**Records to use**
[Start of section]

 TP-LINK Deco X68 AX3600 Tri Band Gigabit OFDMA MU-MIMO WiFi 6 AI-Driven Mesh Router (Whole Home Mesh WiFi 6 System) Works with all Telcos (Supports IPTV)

[End of section]
[Start of section]

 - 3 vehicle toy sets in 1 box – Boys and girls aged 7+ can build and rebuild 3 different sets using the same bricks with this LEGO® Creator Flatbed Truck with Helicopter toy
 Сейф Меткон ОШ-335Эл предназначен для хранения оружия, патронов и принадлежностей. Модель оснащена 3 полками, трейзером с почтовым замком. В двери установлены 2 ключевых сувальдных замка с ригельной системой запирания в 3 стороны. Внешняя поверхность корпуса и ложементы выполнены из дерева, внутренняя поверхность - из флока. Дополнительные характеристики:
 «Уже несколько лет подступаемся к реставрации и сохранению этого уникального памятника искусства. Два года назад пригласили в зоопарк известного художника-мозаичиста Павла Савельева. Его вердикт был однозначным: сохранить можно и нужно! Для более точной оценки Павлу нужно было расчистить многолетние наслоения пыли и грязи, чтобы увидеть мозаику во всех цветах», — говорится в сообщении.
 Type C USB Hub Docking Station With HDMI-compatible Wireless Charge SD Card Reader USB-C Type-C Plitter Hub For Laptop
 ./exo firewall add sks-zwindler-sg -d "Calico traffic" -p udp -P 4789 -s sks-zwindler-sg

[End of section]
[Start of section]

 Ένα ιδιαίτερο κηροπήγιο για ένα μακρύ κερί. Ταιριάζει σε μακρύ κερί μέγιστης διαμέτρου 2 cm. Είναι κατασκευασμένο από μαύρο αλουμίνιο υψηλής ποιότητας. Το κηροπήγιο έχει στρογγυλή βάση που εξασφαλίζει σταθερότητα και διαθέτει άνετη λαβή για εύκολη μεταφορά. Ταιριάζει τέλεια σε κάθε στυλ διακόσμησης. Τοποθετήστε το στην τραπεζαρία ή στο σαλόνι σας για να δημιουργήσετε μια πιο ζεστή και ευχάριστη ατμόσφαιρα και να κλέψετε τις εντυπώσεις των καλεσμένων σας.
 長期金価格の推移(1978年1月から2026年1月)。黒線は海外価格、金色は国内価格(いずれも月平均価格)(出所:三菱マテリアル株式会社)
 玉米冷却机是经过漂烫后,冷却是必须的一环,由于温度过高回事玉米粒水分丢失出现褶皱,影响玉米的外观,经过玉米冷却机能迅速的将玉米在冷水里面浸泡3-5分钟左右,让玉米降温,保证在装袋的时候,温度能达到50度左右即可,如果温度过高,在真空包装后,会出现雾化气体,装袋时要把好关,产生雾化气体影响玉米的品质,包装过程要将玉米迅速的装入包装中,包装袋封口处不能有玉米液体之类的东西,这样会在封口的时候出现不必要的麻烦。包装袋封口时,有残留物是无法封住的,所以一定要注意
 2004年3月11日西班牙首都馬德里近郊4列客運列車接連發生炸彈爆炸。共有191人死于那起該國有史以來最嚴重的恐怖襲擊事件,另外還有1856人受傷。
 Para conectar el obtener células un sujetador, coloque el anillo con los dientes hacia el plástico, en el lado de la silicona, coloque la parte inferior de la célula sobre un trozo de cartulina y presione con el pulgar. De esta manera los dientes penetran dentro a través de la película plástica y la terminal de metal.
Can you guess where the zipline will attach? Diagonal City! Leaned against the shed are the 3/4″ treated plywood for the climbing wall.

[End of section]

**Aim of the task**
Extract from the records above the lines from the one containing "Para conectar el" to the one containing "Can you guess", both lines included, exactly as they appear and with nothing else.

**Written answer**
 Para conectar el obtener células un sujetador, coloque el anillo con los dientes hacia el plástico, en el lado de la silicona, coloque la parte inferior de la célula sobre un trozo de cartulina y presione con el pulgar. De esta manera los dientes penetran dentro a través de la película plástica y la terminal de metal.
Can you guess where the zipline will attach? Diagonal City! Leaned against the shed are the 3/4″ treated plywood for the climbing wall.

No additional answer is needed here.